The loft patio fire pit
Canyon Ranch

Woodside aims to offer
just that. The resort’s 38 guest rooms, sprawled across 16 acres of forest and
surrounded by towering, 50-foot-plus redwood trees, start at $899 and include
all meals and programming.

Although guests can ultimately do as they please during their stay, Woodside follows a wellness retreat format, with various multiday programs, including three signature retreats called Connect, Recharge, and Reset.

A typical three-day Recharge retreat, for instance, includes sunrise meditation and somewhat unorthodox fitness classes: a “zen boot camp” obstacle course, balancing on a Bosu ball, mountain biking sessions, hikes along the coast, as well as fireside chats with local guest speakers, communal dinners, and stargazing in the evening.
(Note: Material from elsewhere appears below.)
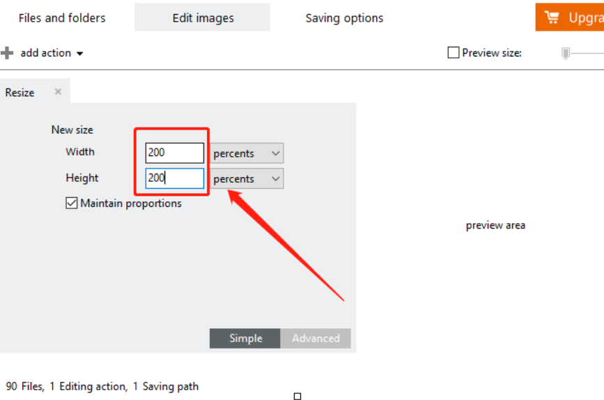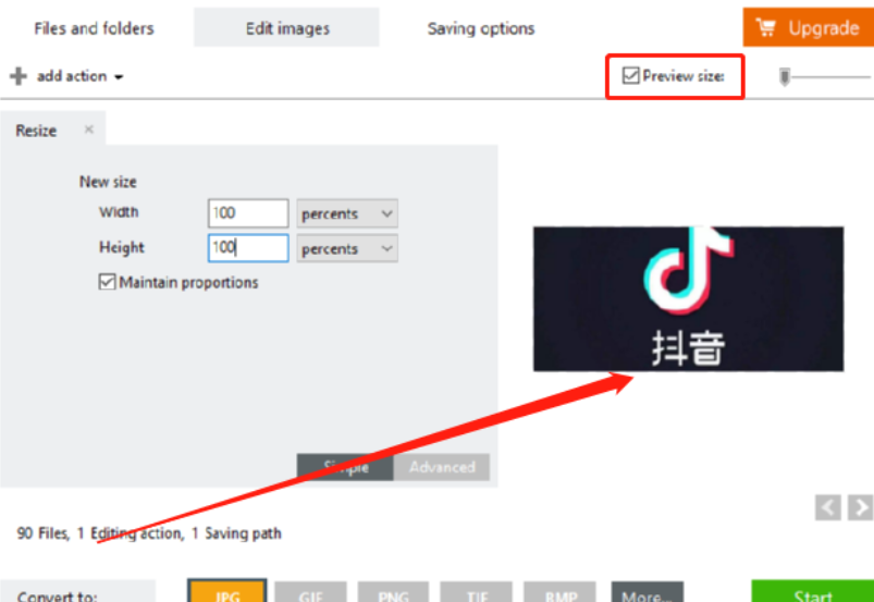 5.点击设置好修改图片的尺寸之后我们勾选Preview size这个按钮可以预览修改图片的尺寸大小。

Guests even have an option to seek holistic therapy through spiritual wellness guides and certified “deburdeners,” or licensed listeners and healers. (Yes, really.)
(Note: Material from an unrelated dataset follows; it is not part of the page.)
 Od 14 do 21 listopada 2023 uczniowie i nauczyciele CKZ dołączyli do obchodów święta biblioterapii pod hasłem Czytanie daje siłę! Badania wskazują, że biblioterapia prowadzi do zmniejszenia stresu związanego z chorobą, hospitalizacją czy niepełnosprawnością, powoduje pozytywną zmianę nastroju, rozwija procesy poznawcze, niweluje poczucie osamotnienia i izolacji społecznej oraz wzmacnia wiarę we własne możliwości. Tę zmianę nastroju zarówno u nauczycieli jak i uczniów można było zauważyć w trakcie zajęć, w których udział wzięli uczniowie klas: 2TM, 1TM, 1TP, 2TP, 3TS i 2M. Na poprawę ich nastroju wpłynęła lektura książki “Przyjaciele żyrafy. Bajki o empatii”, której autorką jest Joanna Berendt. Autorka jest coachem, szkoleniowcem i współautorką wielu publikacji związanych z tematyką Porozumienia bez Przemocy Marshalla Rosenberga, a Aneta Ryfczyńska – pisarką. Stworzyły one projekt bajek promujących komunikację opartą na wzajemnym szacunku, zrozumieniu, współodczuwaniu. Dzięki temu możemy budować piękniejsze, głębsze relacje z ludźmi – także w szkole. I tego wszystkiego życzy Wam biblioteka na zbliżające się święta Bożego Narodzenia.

Guests can expect three health-forward meals daily, crafted using ingredients sourced from local farmers and purveyors.
Canyon Ranch

Each day’s meals are nutritionist-approved,
organic, unequivocally healthy, and in typical Bay Area style, served with
ingredients sourced from within 25 miles. The result:
nutrient-dense dishes best consumed in small portions, like lentil and wheat
berry salad and coconut milk chia pudding. Salt and pepper are available upon
request, and alcohol, a first for the Canyon Ranch brand, is now offered at
evening meals and events.

For Canyon Ranch, Woodside represents a plum opportunity for the luxury hotel group to capitalize on the growing wellness trend in hospitality. According to the Global Wellness Institute, wellness tourism will grow to nearly $920 billion by 2022—up from $639 billion in 2017. Such growth helps explain why newer hotels and resorts—including the recently opened Aman Kyoto and Club Med Michès Playa Esmeralda—make wellness front-and-center in their pitches to prospective guests.

The spa and sauna.
Canyon Ranch

“Unlike when Canyon Ranch opened 40
years ago, today’s consumers understand wellness, value it, view it as a
necessity, and are willing to pay for it,” contends Goff. “Travelers
increasingly expect and require wellness experiences when traveling for
business or pleasure, and are making decisions accordingly. In 2020, self-care
will continue to remain a trend as people see it as an essential, not
indulgent, part of their everyday lives.”

Droves of fatigued tech workers would most likely agree.